§ TASK DESCRIPTION
Give back the lines of the entries below exactly as written, from the first line to the line holding "在 MCU 看来,你根本不是按了一下按键,你是在用一把加特林机枪,对着它的", both included, with the pictures omitted.
*** INPUT RECORDS Section Begins ***
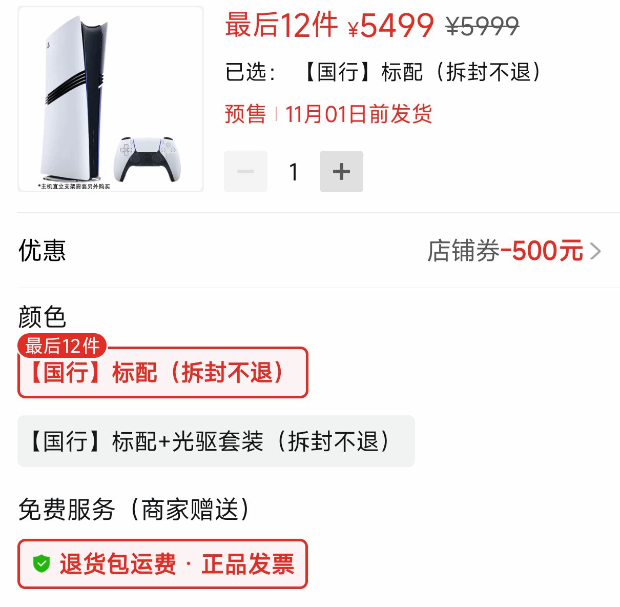 该店铺预售标价为5999元,消费者可领取500元无门槛优惠券,券后实际价格为5499元。一位电玩店老板透露,其进货成本约为4999元,因此他预计零售价在5199元至5299元之间。他表示,国行版主要优势在于提供本地保修服务,价格相比海外版并无明显优势。作为对比,日版PS5 Pro在拼多多平台的史低价为4599元,近期售价在4699至4799元区间。
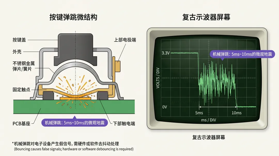 在 MCU 看来,你根本不是按了一下按键,你是在用一把加特林机枪,对着它的 GPIO 引脚疯狂扫射了上百个高低电平的脉冲。如果你的代码写的是“检测到下降沿就执行动作”,那么 MCU 就会忠实地在这一瞬间,把你的动作执行几十遍。
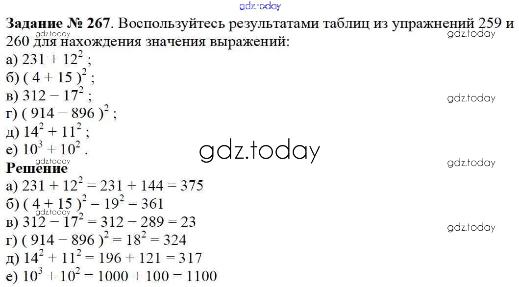 На страницах сайта gdz.today вы найдете учебный и вспомогательный материал, направленный на улучшения знаний школьной программы. ГДЗ - онлайн мир знаний 3.4. Степень числа Решение к главе 3. Действия с натуральными числами 267 Учебнику по Математике для 5 класса Дорофеев, Шарыгин Просвещение 2015
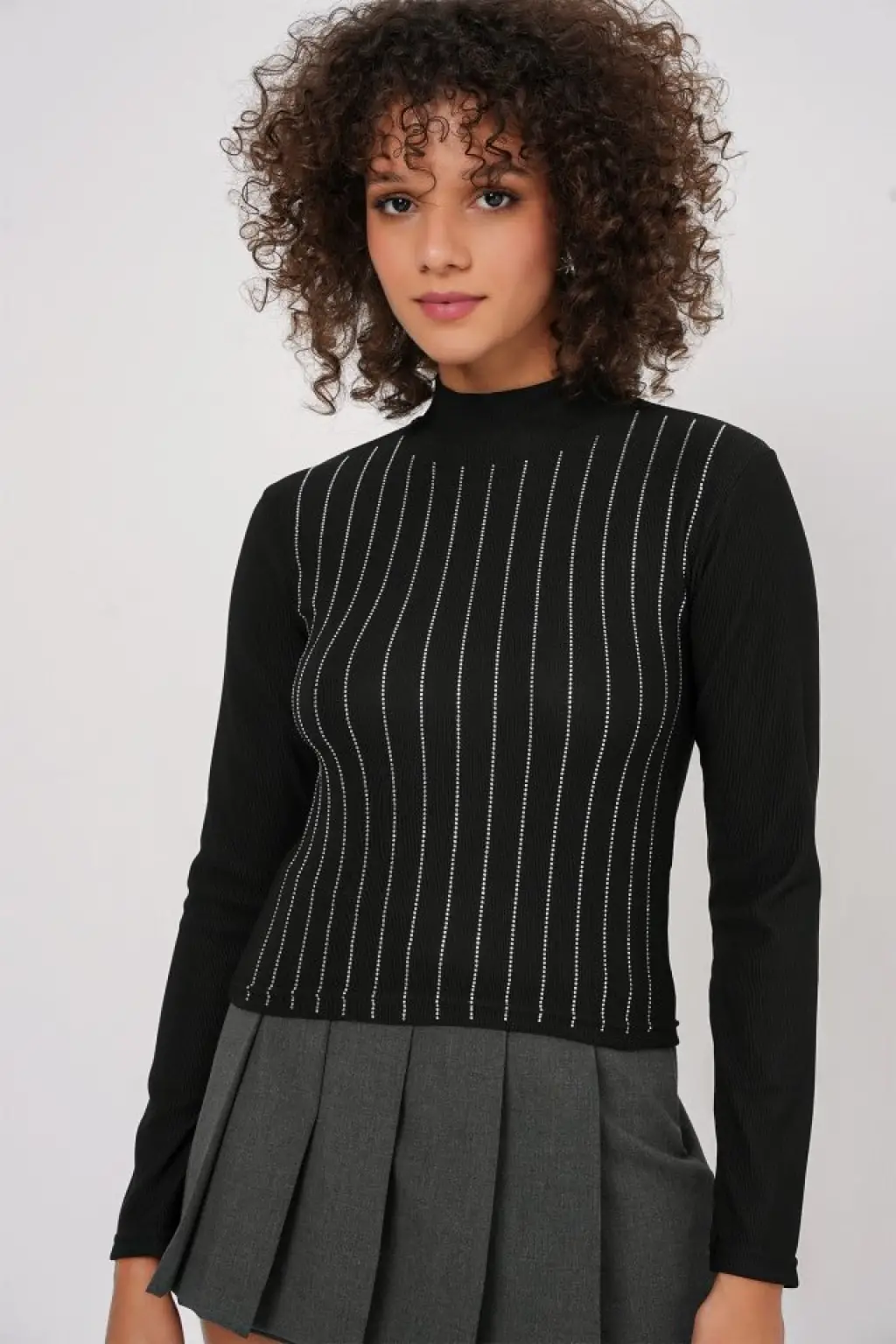 Vivaldi Kadın Sİyah Uzun Kol Balıkçı Body Likralı 353
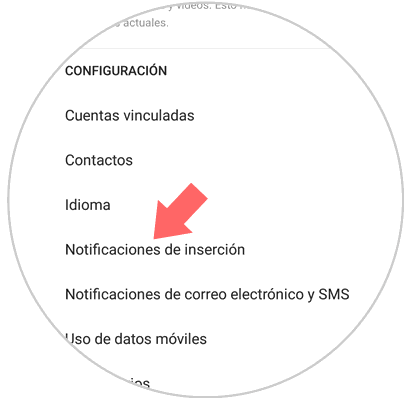 Deslízate hacia abajo, y en la parte de “Configuración” debes seleccionar “Notificaciones de inserción”.
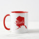 Mostre seu orgulho de casa com essas t-shirts e outros itens que têm um contorno vermelho do estado do Alasca com o nome dentro da forma.
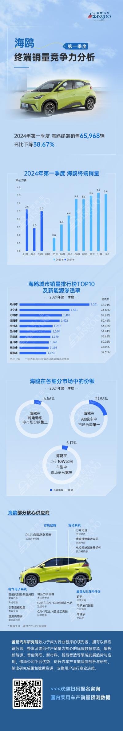 当前,新能源汽车市场竞争激烈,各类品牌、车型层出不穷,消费者的选择更加多样化,在诸多因素影响下,2024年一季度海鸥销量出现明显下滑。根据盖世产销量预测数据,2024年第一季度,海鸥终端销售65,968辆,环比大幅下降38.67%,其中销量最高的城市是郑州市,一季度累计销售2,201辆,城市新能源渗透率38.04%。其他城市新能源渗透率较高的还有温州市、无锡市、杭州市等。
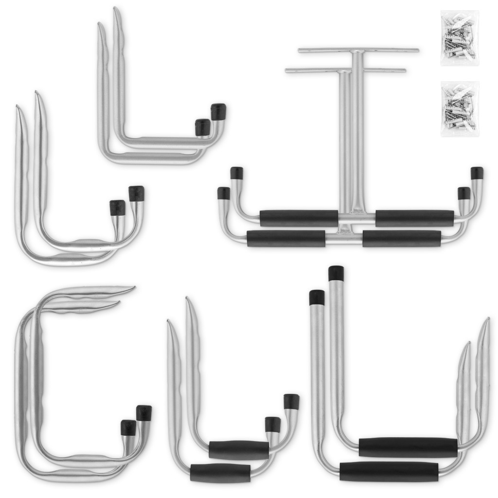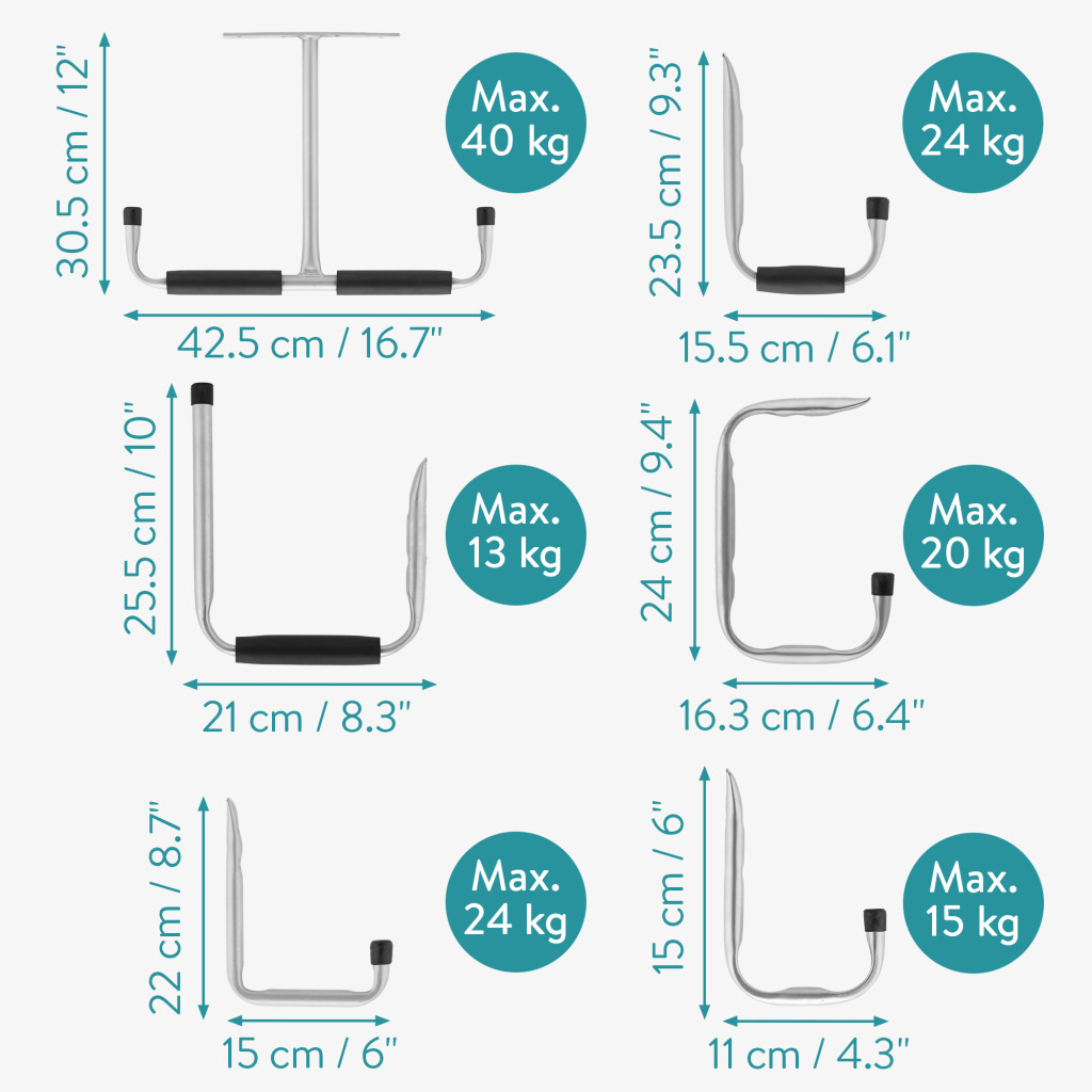 Set 12 carlige depozitare Navaris, tavan/perete, garaj, kit suruburi, negru, otel
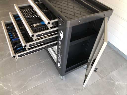 Wózek narzędziowy ze wszystkimi narzędziami jak na zdjęciu, o jakości klucza chromowo-wanadowego, nigdy nie używany i zapakowany w
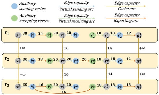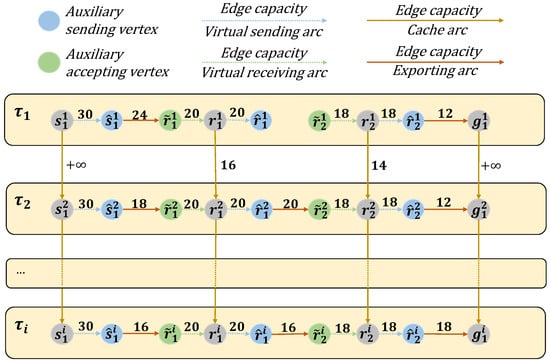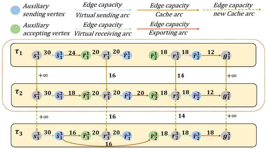 Initially, the e-TEG is constructed based on the network’s state during the first time slot . This initial representation serves as the starting residual network, encapsulating the residual capacities of nodes and edges. As the solving process progresses, the e-TEG is incrementally expanded by incorporating new snapshots of the network corresponding to subsequent time slots . For each time slot , the residual network is updated to reflect the current state of the network, including changes in node and edge capacities.
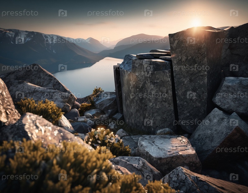 Красивый кинематографический горный пейзаж с черным мрамором и гранитом
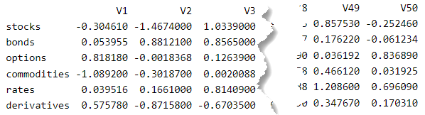 For step 2, see code (the only issue is file size). Step 3 is just a lookup (of words in my vectors) into the GloVe dataset. This yields a matrix where each row is a word (e.g., “stocks”) with 50 features (or columns). That’s the essential mutation that underlies the exercise. Each word is represented by 50 dimensions (V1, V2, … , V50) that are themselves abstract:
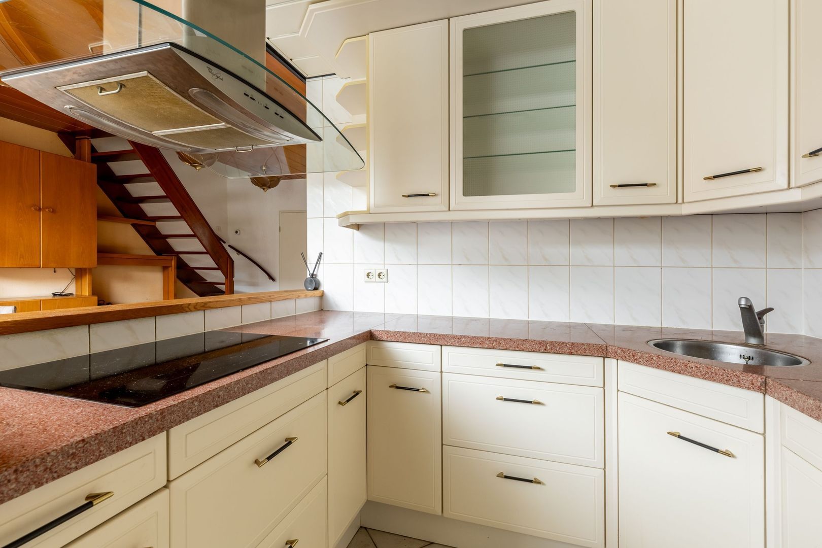 De keuken heeft een U-vormige inrichting met inbouwapparatuur.
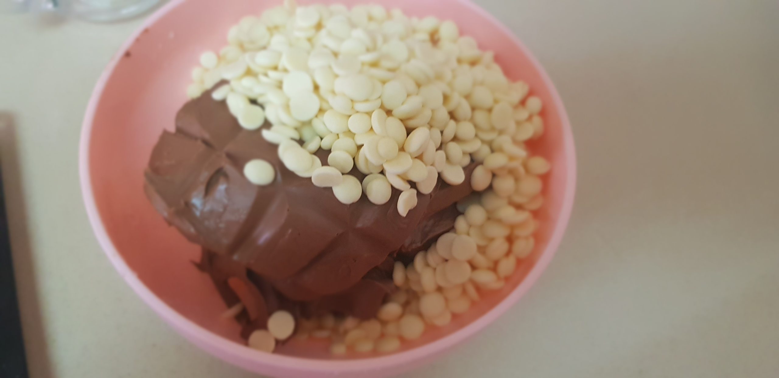 1 – Fondre le chocolat avec le beurre de cacao et l’huile.
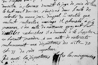 Par oubli d’inscription de sa naissance sur le registre paroissial, au moment de son mariage le futur époux est affublé de celle d’un homonyme et de faux parents
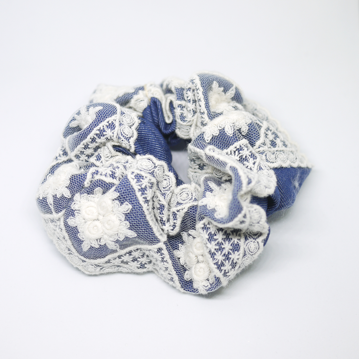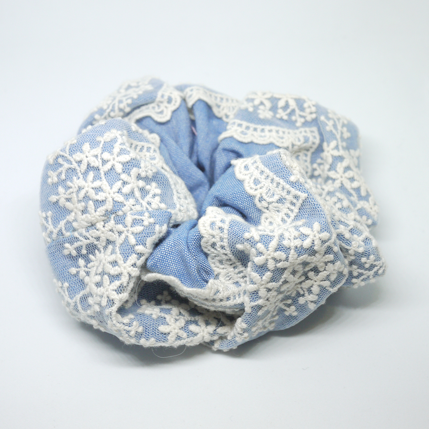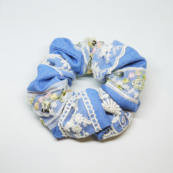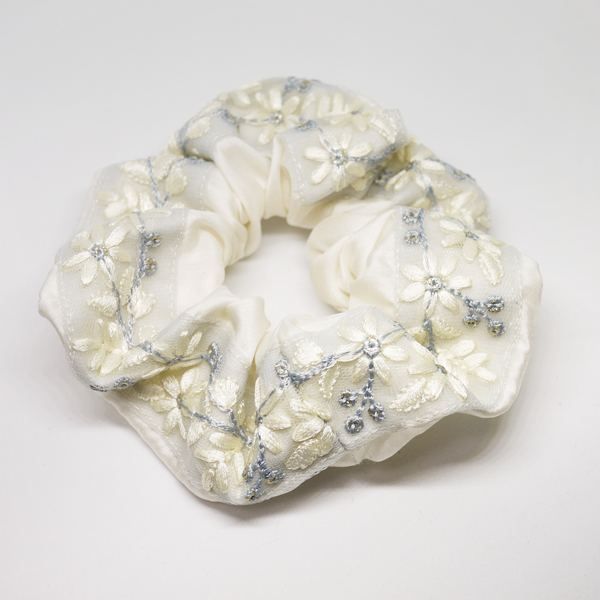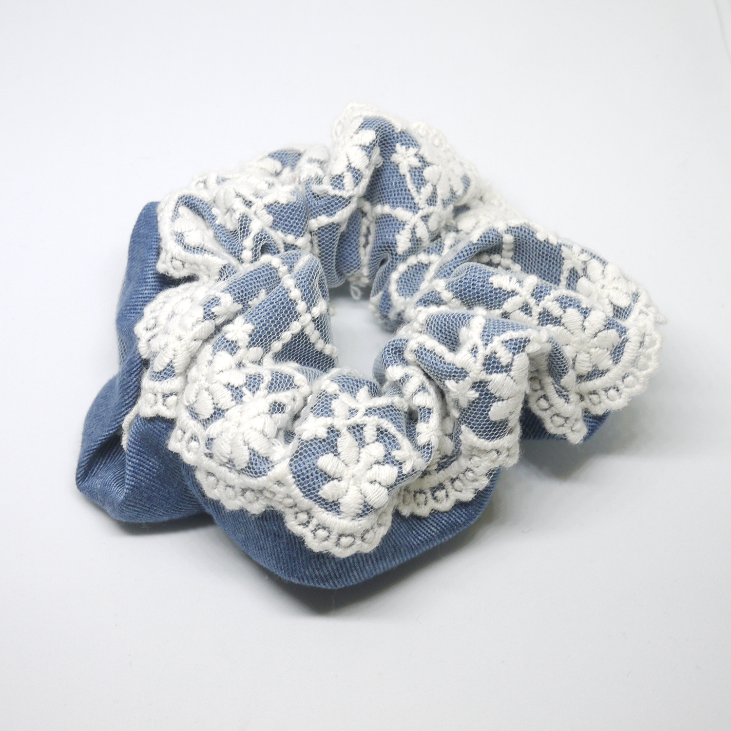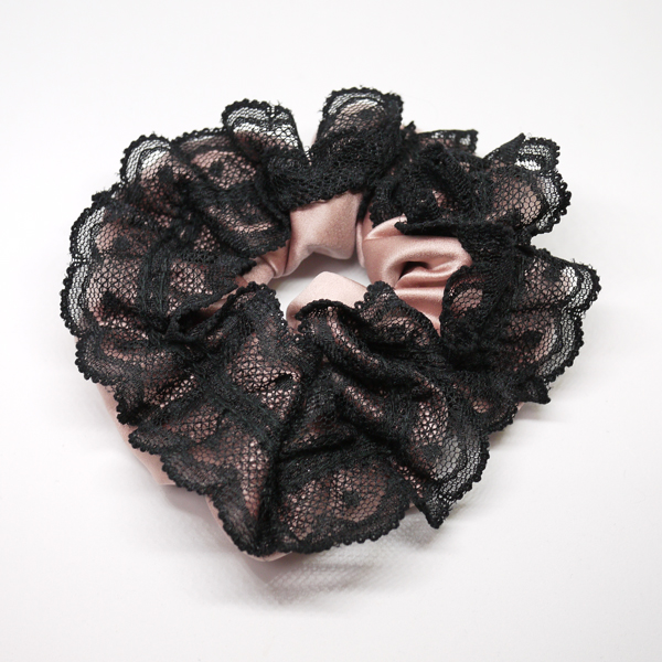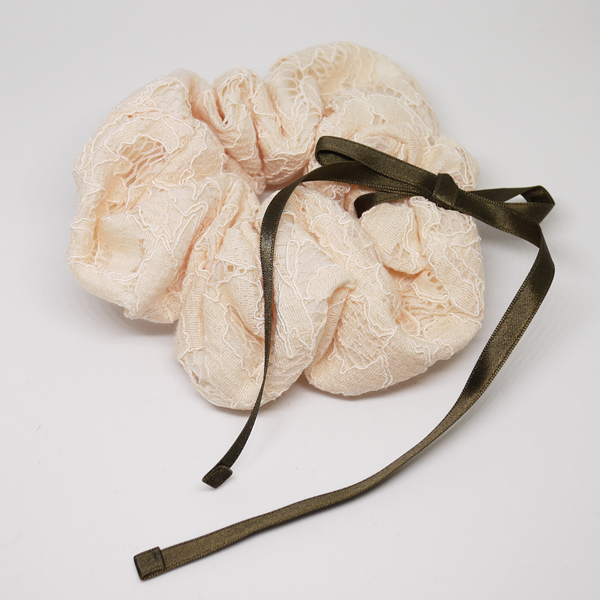 044 キュプラ×レースシュシュ(サテンリボン付き)
*** INPUT RECORDS Section Ends ***
§ REPLY TO THE TASK
 该店铺预售标价为5999元,消费者可领取500元无门槛优惠券,券后实际价格为5499元。一位电玩店老板透露,其进货成本约为4999元,因此他预计零售价在5199元至5299元之间。他表示,国行版主要优势在于提供本地保修服务,价格相比海外版并无明显优势。作为对比,日版PS5 Pro在拼多多平台的史低价为4599元,近期售价在4699至4799元区间。
 在 MCU 看来,你根本不是按了一下按键,你是在用一把加特林机枪,对着它的 GPIO 引脚疯狂扫射了上百个高低电平的脉冲。如果你的代码写的是“检测到下降沿就执行动作”,那么 MCU 就会忠实地在这一瞬间,把你的动作执行几十遍。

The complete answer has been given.